→ **What the exercise asks**:
The reply is to contain the full listing, repeated exactly, with pictures left out.

→ **Dataset extract**:
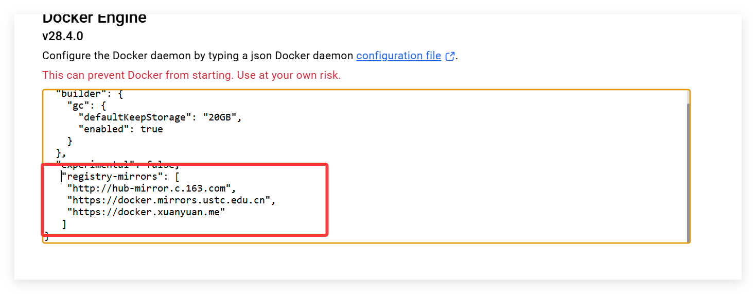 接着在 DockerDesktop 的设置中选择“Docker Engine”,在右侧输区域中增加如下配置:
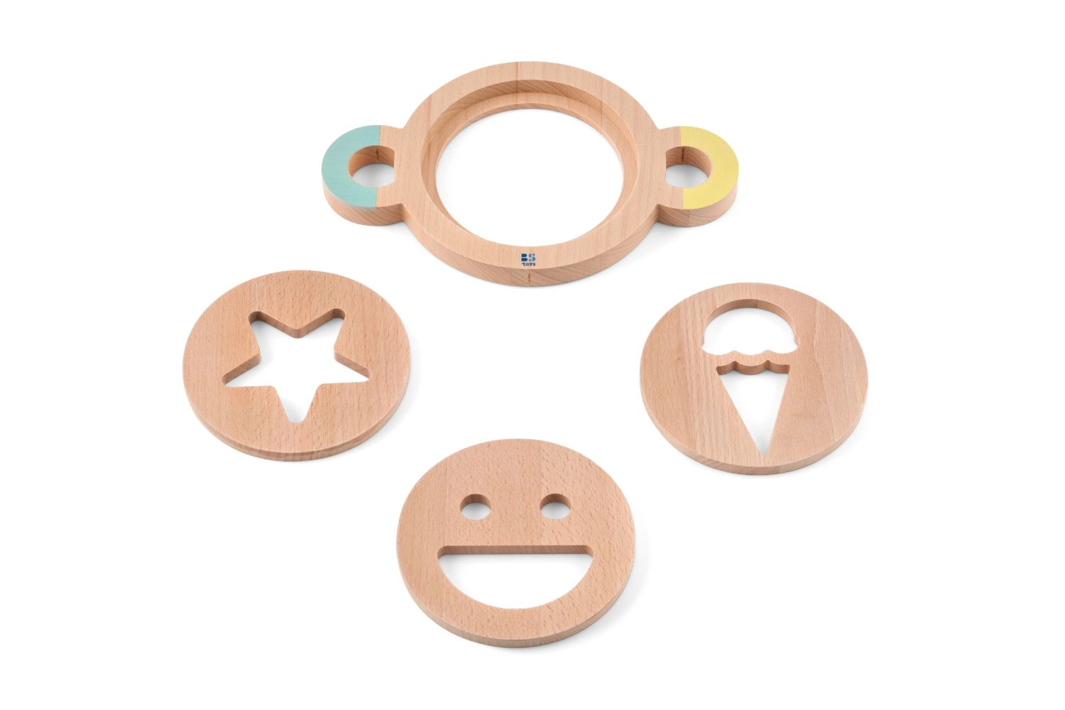 Ta kakovosten leseni komplet vsebuje osnovo in tri modelčke s priljubljenimi motivi (zvezda, sladoled, smeško). Otroci preprosto pritisnejo modelček v pesek in ustvarijo čist, izrazit odtis. Zaradi naravne površine in premišljene oblike se modelčki zlahka držijo tudi v majhnih rokah.
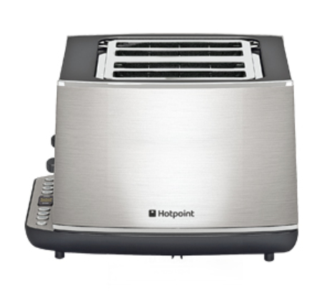 Electronic control technology to set 8 browning levels. To satisfy everyone, the Hotpoint 4 Slots Digital Toaster allows you to choose from 8 different degrees of toasting, all perfectly regulated for even colour. For a light golden toast or a really brown and crunchy one. Completed with defrost, re-heat and bagel function, as well as two folding warming racks, it's also perfect for paninis, croissants and bagels.

→ **Solution for this exercise**:
 接着在 DockerDesktop 的设置中选择“Docker Engine”,在右侧输区域中增加如下配置:
 Ta kakovosten leseni komplet vsebuje osnovo in tri modelčke s priljubljenimi motivi (zvezda, sladoled, smeško). Otroci preprosto pritisnejo modelček v pesek in ustvarijo čist, izrazit odtis. Zaradi naravne površine in premišljene oblike se modelčki zlahka držijo tudi v majhnih rokah.
 Electronic control technology to set 8 browning levels. To satisfy everyone, the Hotpoint 4 Slots Digital Toaster allows you to choose from 8 different degrees of toasting, all perfectly regulated for even colour. For a light golden toast or a really brown and crunchy one. Completed with defrost, re-heat and bagel function, as well as two folding warming racks, it's also perfect for paninis, croissants and bagels.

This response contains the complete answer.